Q: What do you call it when four Mexicans drown in quicksand?
A: Cuatro Cinco.
I am about to make a joke about cake. You butter believe it.
A farmer walks up to his farmer neighbor with a jug of milk. The farmer says, "I milked your cow." The neighbor replies, "I have a bull, not a cow."
Why couldn’t the toilet paper cross the road?
Because it was stuck in a crack.
I hate the term feminazi. It is offensive to real Nazis.

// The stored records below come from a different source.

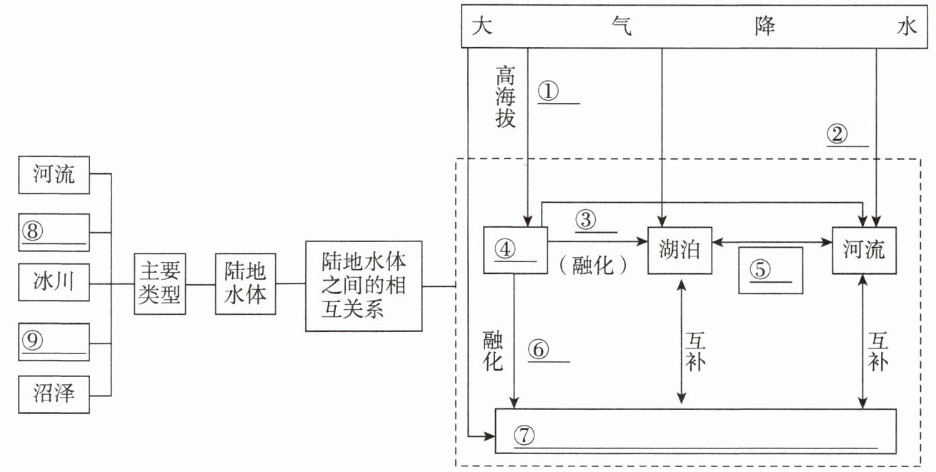知识梳理 ①高纬度 ②降水量 ③气温 ④冰川 ⑤互补 ⑥下渗 ⑦地下水 ⑧湖泊 ⑨地下水(⑧⑨可互换)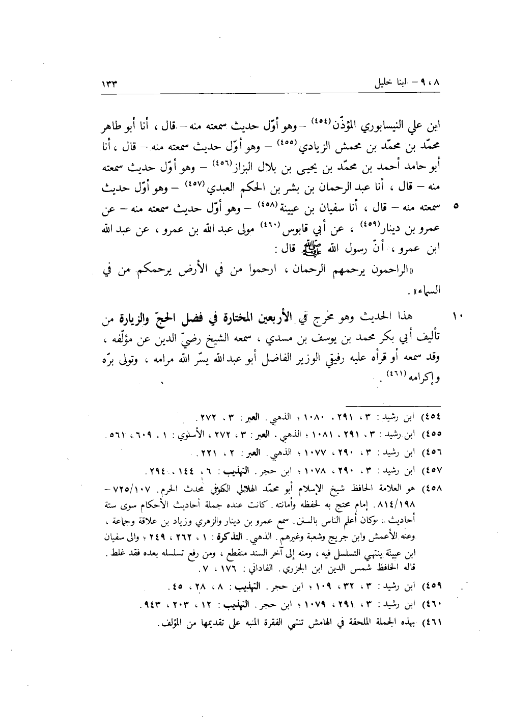 بْنِ عَلِيٍّ النَّيْسَابُورِيُّ الْمُؤَذِّنُ، وَهُوَ أَوَّلُ حَدِيثٍ سَمِعْتُهُ مِنْهُ، قَالَ: أنا أَبُو طَاهِرٍ مُحَمَّدُ بْنُ مُحَمَّدِ بْنِ مَحْمَشَ الزِّيَادِيُّ، وَهُوَ أَوَّلُ حَدِيثٍ سَمِعْتُهُ مِنْهُ، قَالَ: أنا أَبُو حَامِدٍ أَحْمَدُ بْنُ مُحَمَّدِ بْنِ يَحْيَى بْنِ بِلالٍ الْبَزَّازُ، وَهُوَ أَوَّلُ حَدِيثٍ سَمِعْتُهُ مِنْهُ قَالَ، أنا عَبْدُ الرَّحْمَنِ بْنُ بِشْرِ بْنِ الْحَكَمِ الْعَبْدِيُّ، وَهُوَ أَوَّلُ حَدِيثٍ سَمِعْتُهُ مِنْهُ، قَالَ، أنا سُفْيَانُ بْنُ عُيَيْنَةَ، وَهُوَ أَوَّلُ حَدِيثٍ سَمِعْتُهُ مِنْهُ عَنْ عَمْرِو بْنِ دِينَارٍ، عَنْ أَبِي قَابُوسٍ، مَوْلَى عَبْدِ اللَّهِ بْنِ عَمْرٍو، عَنْ عَبْدِ اللَّهِ بْنِ عَمْرٍو، أَنَّ رَسُولَ اللَّهِ صَلَّى اللَّهُ عَلَيْهِ وَسَلَّمَ، قَالَ: «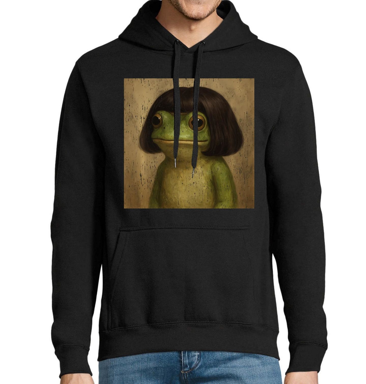 Pánská mikina Žába s Vlasy Frog Bob Haircut. Vtipný a nezapomenutelný motiv, který okamžitě pobaví – žába s perfektním bob účesem jako by právě vyšla z nejstylovějšího kadeřnictví. Tento design kombinuje humor, originalitu a lehce bizarní estetiku, která zaručeně přitáhne pozornost. Detailně zpracovaná žába působí klidně a sebevědomě, jako by věděla, že její účes je absolutní top.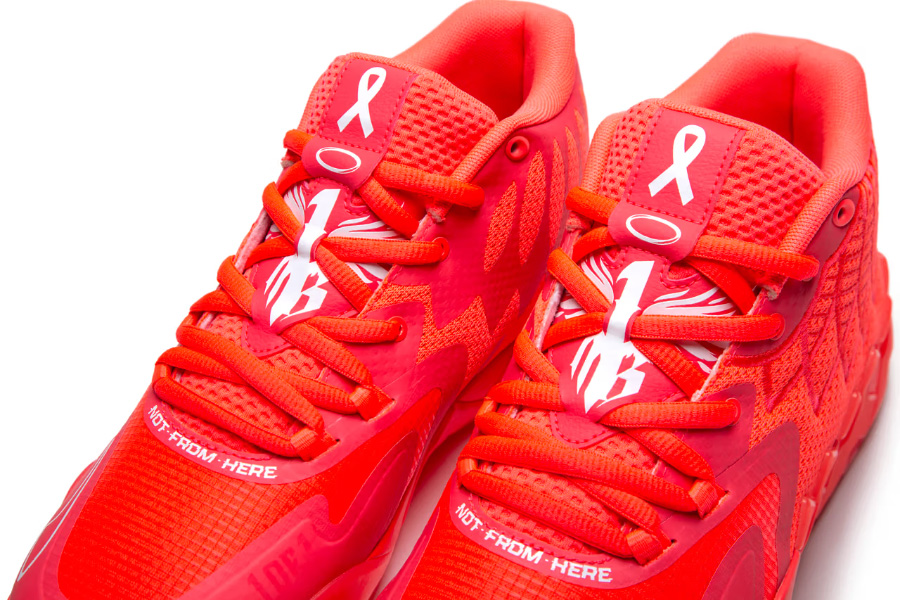 “三球”LaMelo Ball 和 PUMA 合作推出 RARE RESERVES 限定系列新品。这次双方以“世界乳腺癌防治月”(每年的 10 月)为主题,带来了这款 MB.01 BCA。它以抢眼的亮粉色调呈现,搭配白色细节,鞋舌处有特别的丝带标志。 它目前已经正式上市。在推出这双主题鞋款的同时,PUMA 也有向 Susan G. Komen 乳腺癌基金会捐款。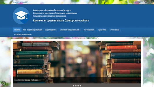 | AI-анализ | The web project "Кривичская средняя школа Солигорского района" (Krivichi Secondary School of Soligorsky Region) is a Belarusian educational institution domain, with the title "Кривичская средняя школа Солигорского района" (Krivichskaya Srednyaya Shkola Soligorskogo Raiona) and the description "Четверг, 9 октября 2025. Выбраць мову Беларуская" (Thursday, 9 October 2025. Choose the Belarusian language). The most frequent keywords are "2025" (26 occurrences), "подробнее" (detailed, 25 occurrences), "беларусь" (Belarus, 11 occurrences), "моя" ( |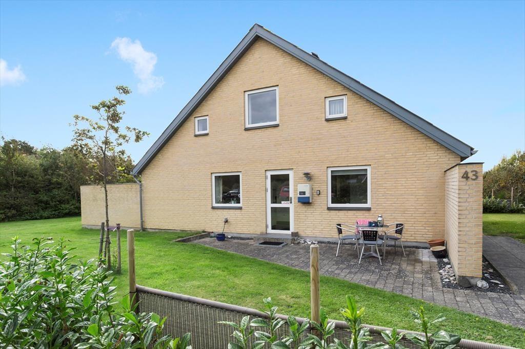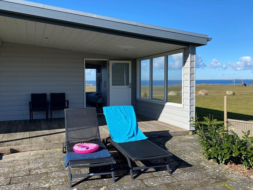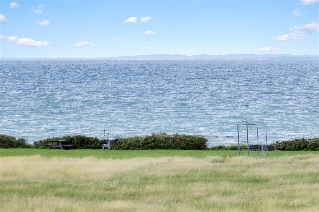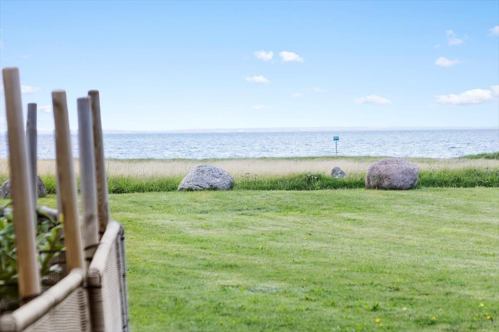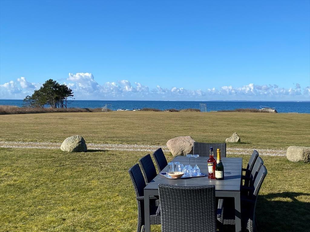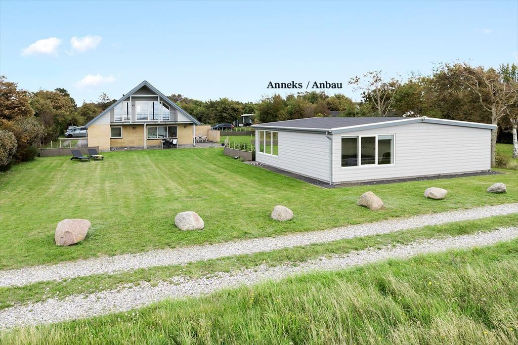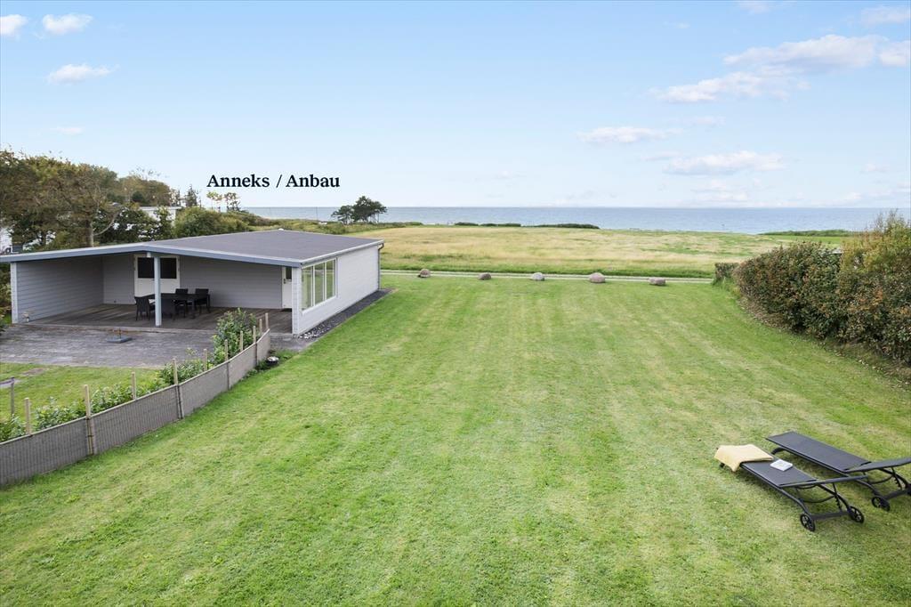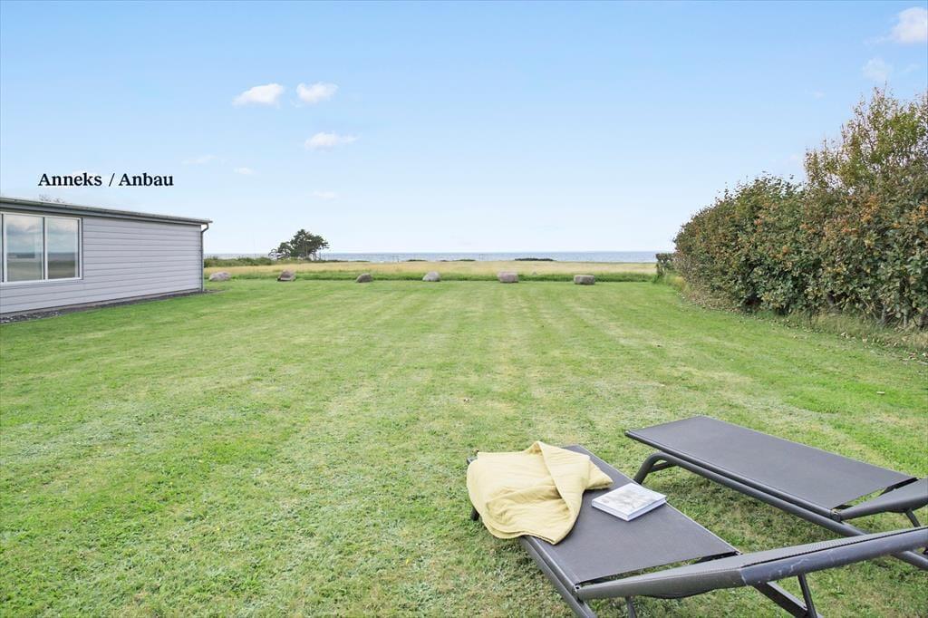 Foran annekset er en stor terrasse, der er fint indhegnet af stakit, hvilket skaber et hyggeligt miljø på den åbne grund. Mellem grunden og havet er en lille grusvej og et fælles areal, hvor det er muligt at spille fodbold.

September 11th. #BringYourPlaneToWorkDay
I saw an emo orphan by a tree, and I was going to give it a high-five, but instead I just let it hang.
What did the orphan say to his parents? Nothing, cause they left him.
What do you call a gay drive-by? A fruit roll-up.
Billy: *spits out food*
Mom: BILLY! We swallow what we have in our mouths.
Dad: *looks at mom*
Mom: Shut up.
If you get it, you get it.
What did the fat man say as he entered Nagasaki?
Nothing, he just exploded.
Q: Who are the fastest readers? A: Twin Tower victims, they got 80 stories in ten seconds.
I saw my wife at the dam yesterday. Drat. I was hoping she might float a bit more downstream.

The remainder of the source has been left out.